Architecture After Dremio

So we started investigating Dremio. And we essentially picked it based on these four things. The semantic layer and the ease of use. Setting up Dremio was really simple to get going. We also had very fast performance querying CSVs on a data lake. It had the ability to actually govern our data properly at this layer already. No more data copies. No three versions of data. So this is our architecture we ended up on. Later in the keynotes, I’ll touch on the more advanced architecture we now have. But this is what we started out on with Dremio. We essentially laid Dremio straight onto our Azure data lake and created views from there. This performed really well. And we basically directly connected Power BI to that.
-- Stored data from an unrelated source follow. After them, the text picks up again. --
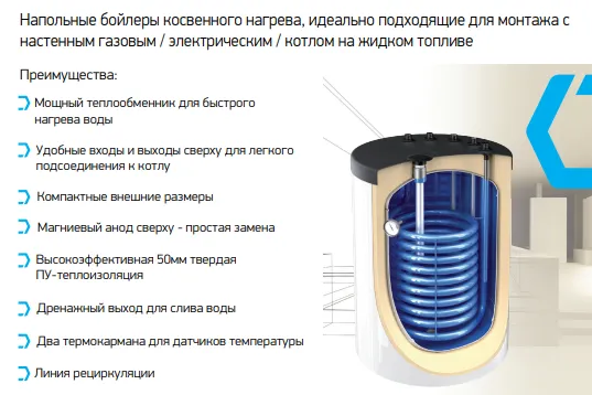 TESY EV 10S 120 60 Z PS – бойлер косвенного нагрева с улучшенным пластиковым кожухом на 114 литров. Модель имеет один высокоэффективный теплообменник. А биокерамическое внутреннее покрытие бака предотвращает от появления коррозии. Стоит отметить наличие анодной защиты, высокоплотной изоляции PU7, термометра и входа для рециркуляции. Данный водонагреватель специально разработан для подключения к газовому котлу.
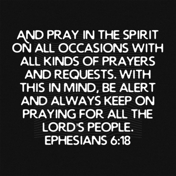 Pray in the Spirit Posted on March 25, 2020 by Guylaine S Gamble www.bible.com/111/eph.6.18.niv Share this: Share on Facebook (Opens in new window) Facebook Share on X (Opens in new window) X Share on Pinterest (Opens in new window) Pinterest Share on LinkedIn (Opens in new window) LinkedIn More Email a link to a friend (Opens in new window) Email Share on Tumblr (Opens in new window) Tumblr Share on Reddit (Opens in new window) Reddit Share on Pocket (Opens in new window) Pocket Print (Opens in new window) Print Like Loading... Related
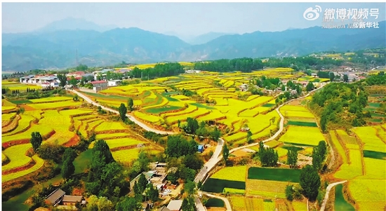 近日,在河南省济源市王屋山下,白菜花海翻涌成金色浪潮,与苍翠山峦相映成趣,绘就成一幅浓墨重彩的春日油画。
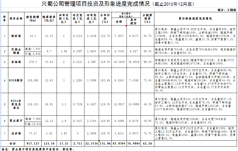 興蜀公司管理項目投資及形象進度完成情況(截止2015年12月底)
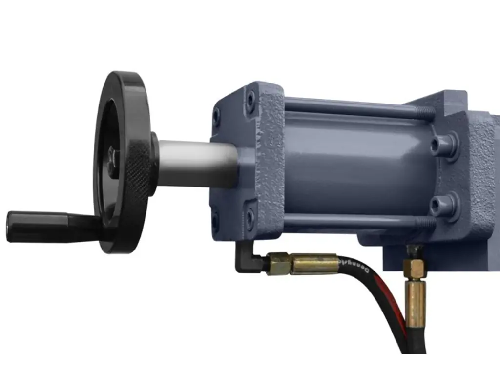 • Регулировка опускания пильной рамы при резке осуществляется через настройку гидроцилиндра и достигается благодаря клапану, регулирующему поток масла между камерами цилиндров.
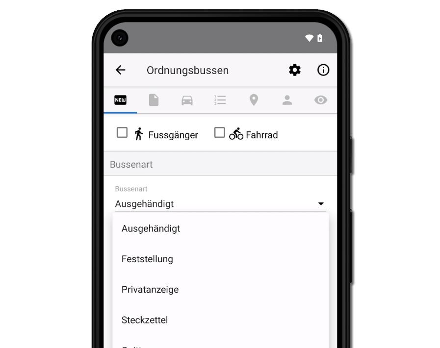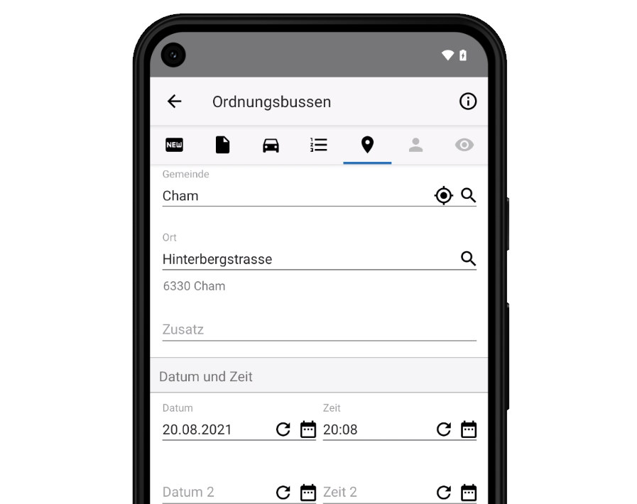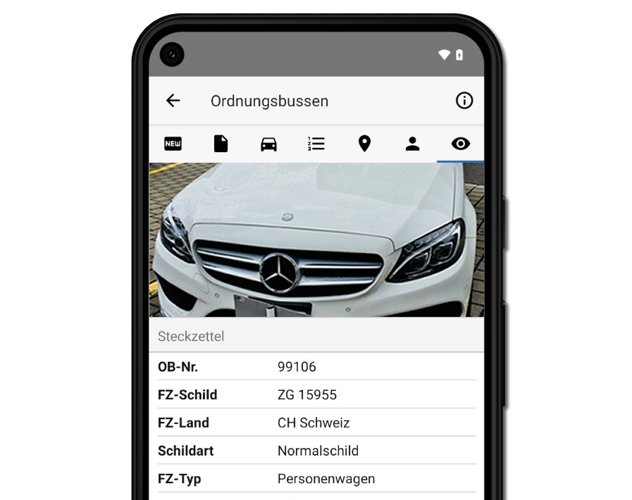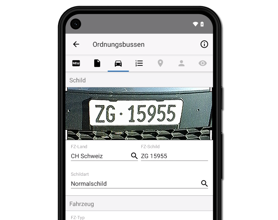 Die Übertretung wird auf dem Smartphone oder Tablet erfasst und der Fall optional mit Fotos dokumentiert.

This meant there was only one copy of data and then potentially another copy, which is essentially the reflections inside of Dremio, which meant that we were getting faster performance inside of Power BI. And the added benefit of actually getting that data set was more usable, because now I can also ingest it to Tableau. Or someone can query it directly. Or we can do an export for them. Or we can connect it through Excel and ODBC connector. And so this created a single source of truth where previously we did not have that. 
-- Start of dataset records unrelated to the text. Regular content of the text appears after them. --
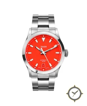 A Sports watch with a vintage-inspired 34.5mm case, crafted from stainless steel featuring a red dial with a unique matte finish.
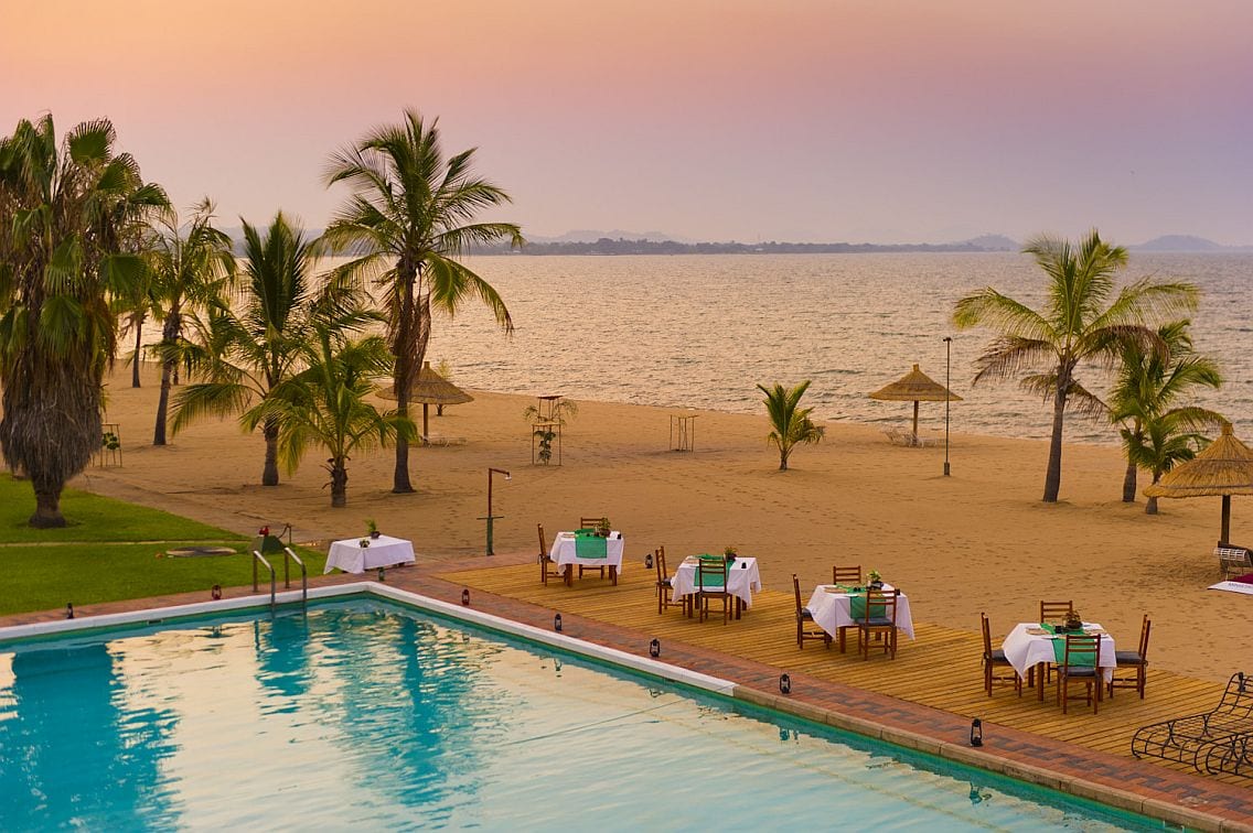The Makokola Retreat is one of the best-known Lake Malawi hotels. It lies on the southern lake shore near Mangochi. The hotel is spaciously laid out in 10 acres of well-tended gardens. But it is the private beach that will draw your attention. The vast expanse of pale sand (600 metres) is dotted with low palms, thatched sunshades and sun loungers with padded cushions.
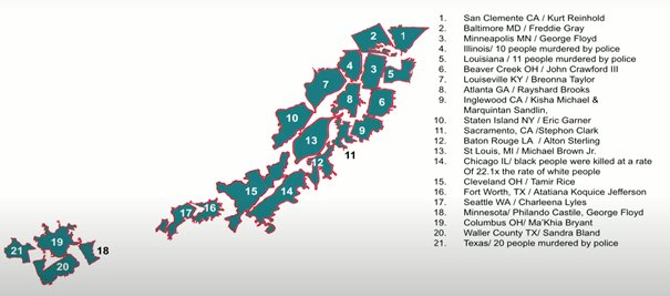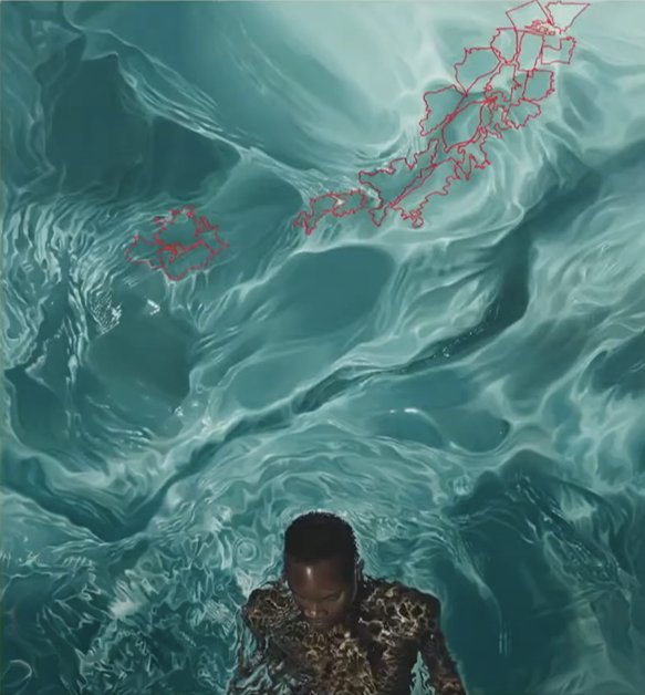 Dessa maneira, a artista inseriu mapas de todos os lugares em que as mortes policiais estavam acontecendo naquele período dentro de sua pintura, de forma mascarada na parte superior do quadro. Ela camufla os mapas dentro da água, de forma a não entregar que eles estão lá para o espectador. Mas eles estão. A pintura, à primeira vista, pode aparentar ser apenas um belíssimo trabalho de hiper-realismo da figura humana e do elemento água, mas suas camadas vão muito além disso. (RAWLES, 2022)
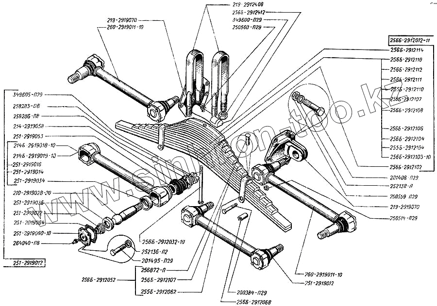 Каталог запасных частей к технике: КрАЗ-250. Рессоры задние и реактивные штанги
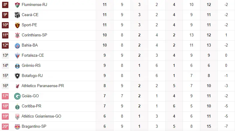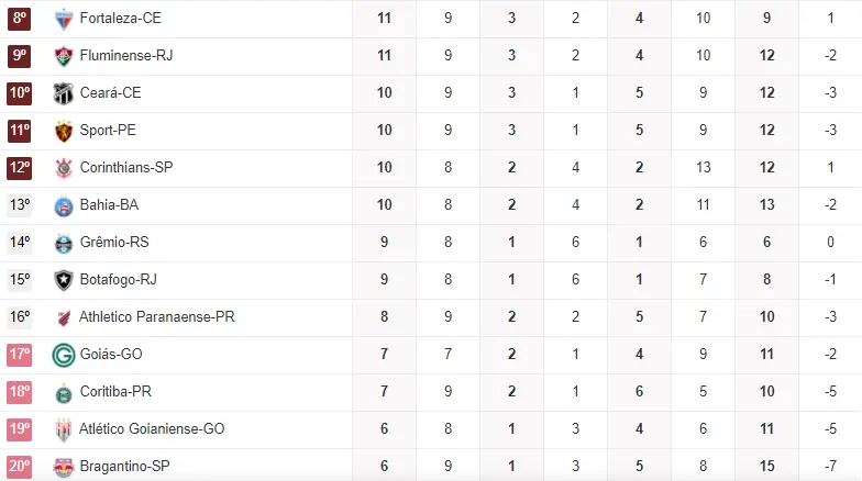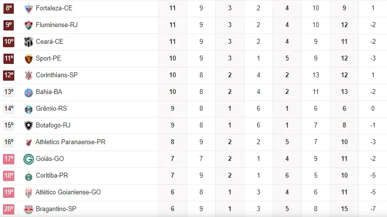 Outro confronto direto na parte debaixo da tabela, entre o último colocado e quem abre o Z4. Como o Goiás é o último com apenas 4, ele vencer e segurar o Coritiba, que tem 7, não é de todo ruim

So for us at least, this meant we reduced our Azure cost based on poor architecture choices by about 50% by getting rid of Cosmos DB. We had direct access to our Azure data lake, which unlocked so much. So instead of someone having to spin up a Power BI report, connect to the data, do manipulations there to answer a question, we could query our data live inside of the data lake. The faster query time in this sense meant our Power BI reports refreshed about 30% faster, just based on moving that processing backwards into Dremio, meaning that the numbers are crunched, the tables formed, and we are essentially just pulling up that view. 

What’s Next?

So what is next for us? So our goal is to centralize as much of this IT data as possible so we have a single platform that can answer everyone’s questions. The idea of the advent of all these JNAI applications and so on is so that we can essentially have a place where the JNAI or LLM model can ask its questions. We also have the ability to root queries based on the engines. And this gave us the ability to also allocate costs to divisions if required. So therefore, if we have certain sets that we’re delivering to particular divisions and we needed a way to cross-charge, this would enable us to do that as the costs were bucketed based on the engines they were using. We also get the benefit of robust access control. So if you’re not aware, Dremio supports user-defined functions, which can be leveraged to essentially establish access control, row-level security on data sets, as well as the ability to actually get access control implemented through AD or Okta. So the access controls then offloaded from my team, so no one has to permission it, and onto AD. And so we can have different approvers for different data sets. 

Finally, we started leveraging Git for Data, so Okta, by essentially spinning up our tables within those Okta catalogs. I’ll touch on it a bit more in the keynote. But we started heavily using that and essentially building out a way for us to process our changes to our data. Now, I blazed through my slides because I was hoping this would be more of a discussion. So thank you for that.